Prompt
In the entries that follow, the lines from the line containing "日照 | 積雪 | 降雪 |" up to and including the line containing "Bestemmingsplan De Wieken" must be copied exactly, with pictures omitted.

Excerpted records
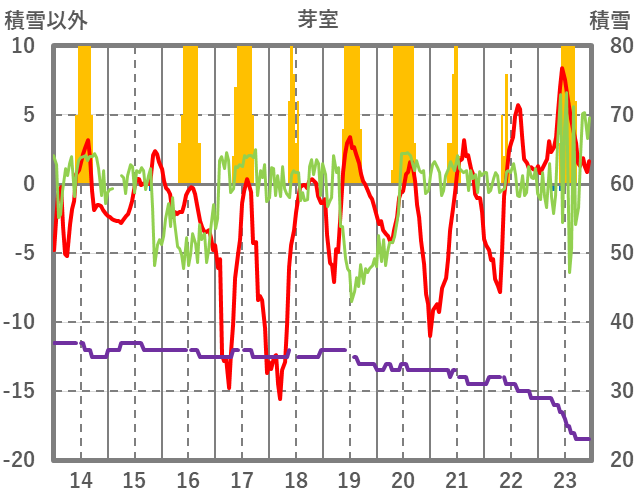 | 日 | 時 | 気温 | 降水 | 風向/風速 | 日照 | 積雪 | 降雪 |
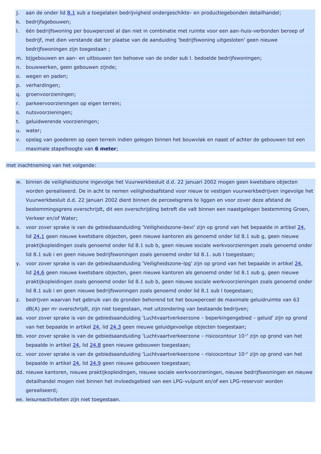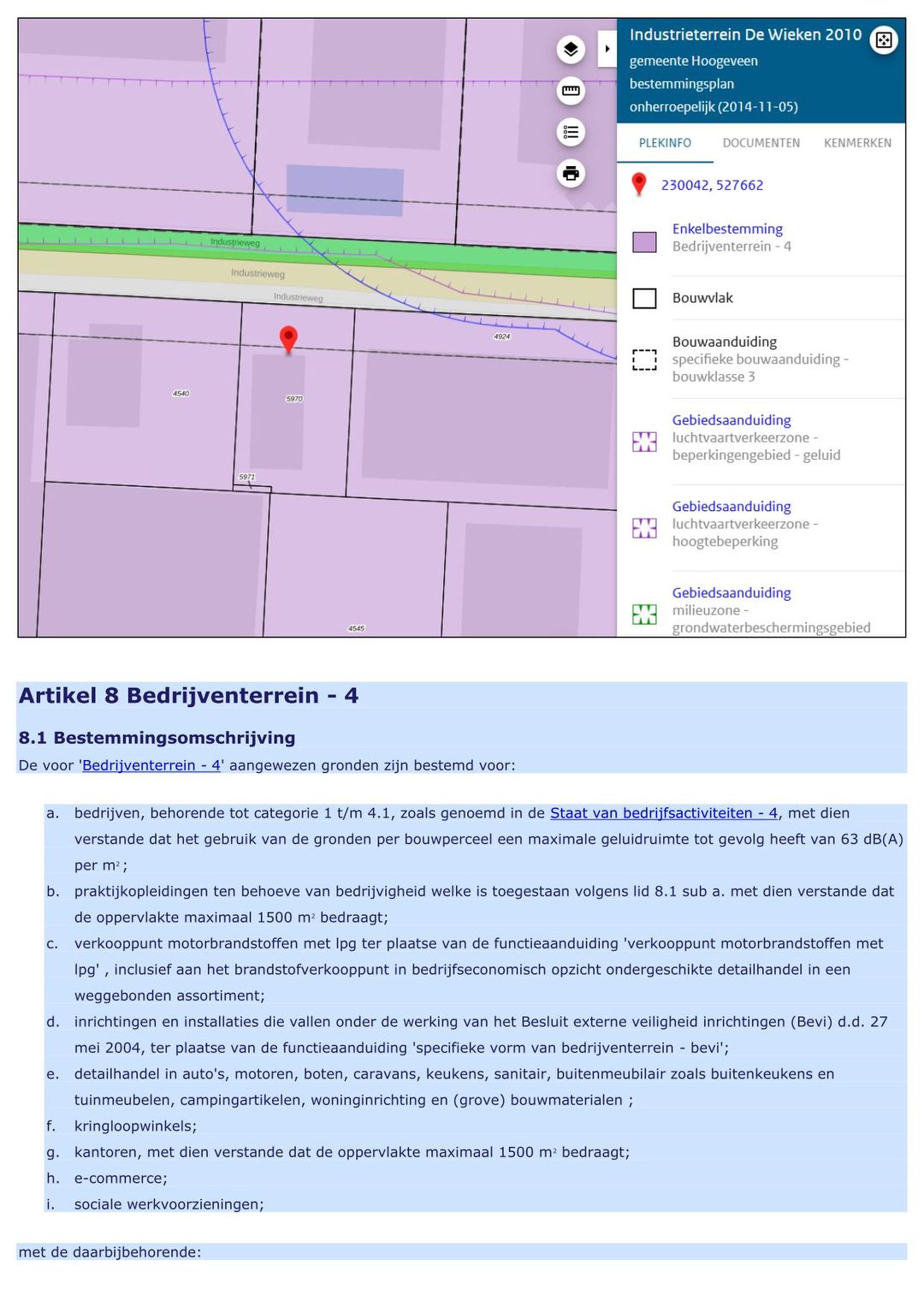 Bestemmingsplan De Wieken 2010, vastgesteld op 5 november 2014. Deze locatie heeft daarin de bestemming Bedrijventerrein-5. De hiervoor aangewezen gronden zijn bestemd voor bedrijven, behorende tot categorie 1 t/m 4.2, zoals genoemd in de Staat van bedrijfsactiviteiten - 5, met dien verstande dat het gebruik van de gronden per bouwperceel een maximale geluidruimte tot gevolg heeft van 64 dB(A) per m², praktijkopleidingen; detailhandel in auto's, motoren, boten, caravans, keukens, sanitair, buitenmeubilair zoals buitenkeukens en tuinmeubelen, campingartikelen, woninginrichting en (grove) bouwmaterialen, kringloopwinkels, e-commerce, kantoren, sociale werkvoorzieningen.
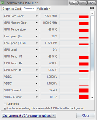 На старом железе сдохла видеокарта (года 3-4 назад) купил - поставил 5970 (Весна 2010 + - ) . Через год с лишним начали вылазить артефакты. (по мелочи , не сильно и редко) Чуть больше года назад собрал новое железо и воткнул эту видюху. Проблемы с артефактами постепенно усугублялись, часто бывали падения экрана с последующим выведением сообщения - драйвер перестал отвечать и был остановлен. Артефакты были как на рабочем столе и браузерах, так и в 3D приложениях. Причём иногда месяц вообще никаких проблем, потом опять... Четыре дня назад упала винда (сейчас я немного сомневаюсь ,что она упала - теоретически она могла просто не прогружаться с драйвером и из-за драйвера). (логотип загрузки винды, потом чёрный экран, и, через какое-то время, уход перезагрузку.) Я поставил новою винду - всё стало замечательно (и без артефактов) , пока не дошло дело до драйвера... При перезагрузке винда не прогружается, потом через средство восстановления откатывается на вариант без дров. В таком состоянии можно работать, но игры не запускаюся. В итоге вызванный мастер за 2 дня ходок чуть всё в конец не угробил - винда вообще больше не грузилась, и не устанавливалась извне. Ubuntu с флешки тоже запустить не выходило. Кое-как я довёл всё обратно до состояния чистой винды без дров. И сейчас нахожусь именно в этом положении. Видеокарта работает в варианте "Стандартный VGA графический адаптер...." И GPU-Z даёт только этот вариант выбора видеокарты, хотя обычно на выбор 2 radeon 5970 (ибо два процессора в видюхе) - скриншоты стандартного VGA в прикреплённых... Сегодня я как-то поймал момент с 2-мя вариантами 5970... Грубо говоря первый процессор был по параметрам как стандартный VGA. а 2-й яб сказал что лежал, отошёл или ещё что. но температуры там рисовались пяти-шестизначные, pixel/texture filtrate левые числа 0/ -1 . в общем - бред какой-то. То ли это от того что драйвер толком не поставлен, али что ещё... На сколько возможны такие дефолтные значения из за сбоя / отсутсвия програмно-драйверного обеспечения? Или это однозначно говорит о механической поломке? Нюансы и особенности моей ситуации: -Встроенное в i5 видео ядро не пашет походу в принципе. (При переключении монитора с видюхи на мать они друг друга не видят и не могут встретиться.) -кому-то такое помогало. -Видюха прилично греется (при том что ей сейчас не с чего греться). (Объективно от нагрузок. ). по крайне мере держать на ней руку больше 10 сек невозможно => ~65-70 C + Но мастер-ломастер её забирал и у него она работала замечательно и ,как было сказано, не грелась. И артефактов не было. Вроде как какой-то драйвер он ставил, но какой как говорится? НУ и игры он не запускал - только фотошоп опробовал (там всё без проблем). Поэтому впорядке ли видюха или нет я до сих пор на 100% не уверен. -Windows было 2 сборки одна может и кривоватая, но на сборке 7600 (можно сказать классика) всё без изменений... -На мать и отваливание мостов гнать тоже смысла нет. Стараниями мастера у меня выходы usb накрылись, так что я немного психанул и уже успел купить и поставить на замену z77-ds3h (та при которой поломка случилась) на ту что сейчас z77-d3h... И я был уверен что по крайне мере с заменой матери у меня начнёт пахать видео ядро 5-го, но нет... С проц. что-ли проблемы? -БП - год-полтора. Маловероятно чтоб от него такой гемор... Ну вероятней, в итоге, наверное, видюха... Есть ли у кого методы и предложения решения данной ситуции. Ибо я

...

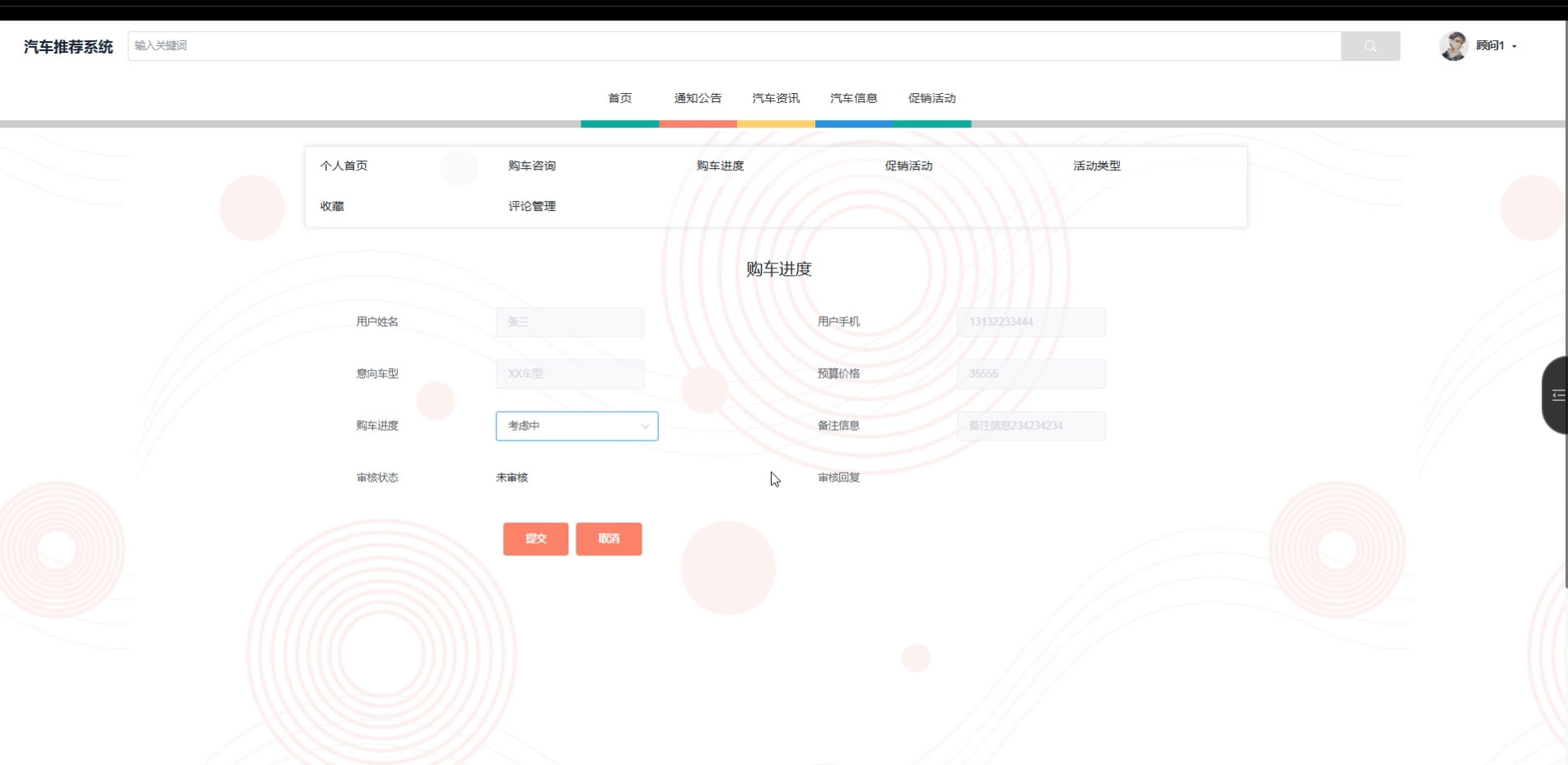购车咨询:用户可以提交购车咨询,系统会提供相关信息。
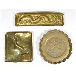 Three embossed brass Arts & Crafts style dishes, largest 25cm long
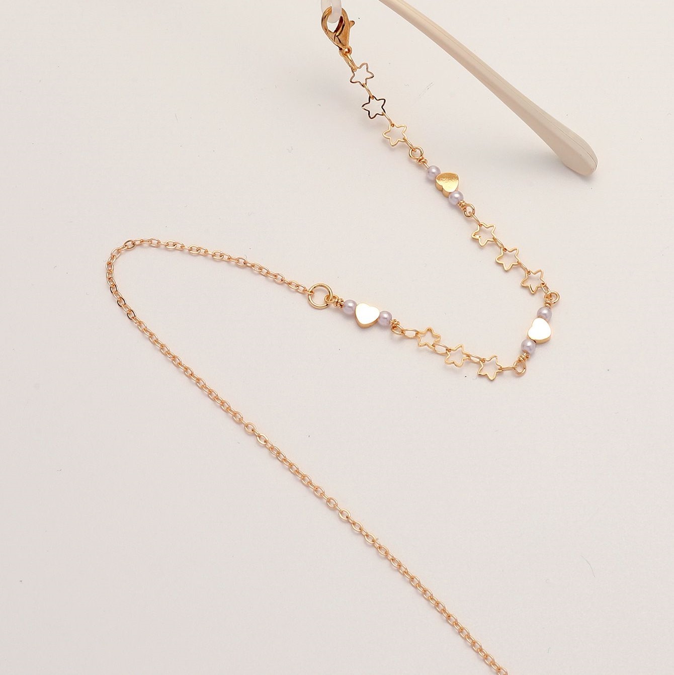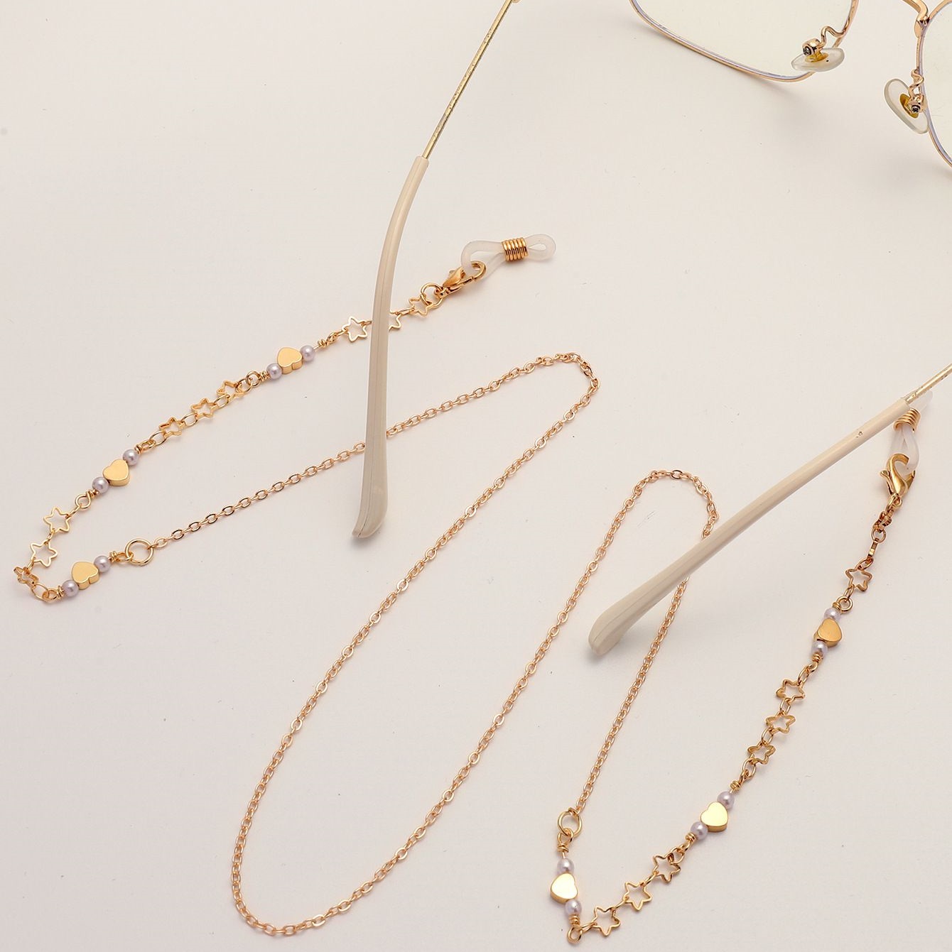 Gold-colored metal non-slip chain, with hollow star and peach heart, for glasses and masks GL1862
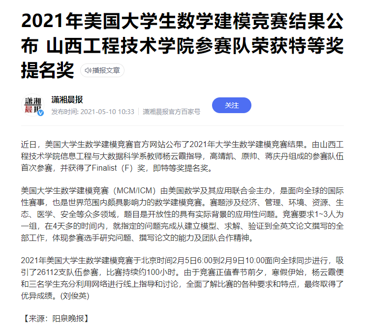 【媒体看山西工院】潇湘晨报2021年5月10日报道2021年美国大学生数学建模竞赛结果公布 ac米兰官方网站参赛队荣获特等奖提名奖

* * *

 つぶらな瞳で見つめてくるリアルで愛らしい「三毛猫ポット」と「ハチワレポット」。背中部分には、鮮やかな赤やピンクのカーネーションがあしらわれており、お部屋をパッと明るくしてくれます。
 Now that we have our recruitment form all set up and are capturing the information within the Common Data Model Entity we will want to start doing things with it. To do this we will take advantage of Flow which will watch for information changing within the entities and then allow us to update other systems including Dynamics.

Answer
 | 日 | 時 | 気温 | 降水 | 風向/風速 | 日照 | 積雪 | 降雪 |
 Bestemmingsplan De Wieken 2010, vastgesteld op 5 november 2014. Deze locatie heeft daarin de bestemming Bedrijventerrein-5. De hiervoor aangewezen gronden zijn bestemd voor bedrijven, behorende tot categorie 1 t/m 4.2, zoals genoemd in de Staat van bedrijfsactiviteiten - 5, met dien verstande dat het gebruik van de gronden per bouwperceel een maximale geluidruimte tot gevolg heeft van 64 dB(A) per m², praktijkopleidingen; detailhandel in auto's, motoren, boten, caravans, keukens, sanitair, buitenmeubilair zoals buitenkeukens en tuinmeubelen, campingartikelen, woninginrichting en (grove) bouwmaterialen, kringloopwinkels, e-commerce, kantoren, sociale werkvoorzieningen.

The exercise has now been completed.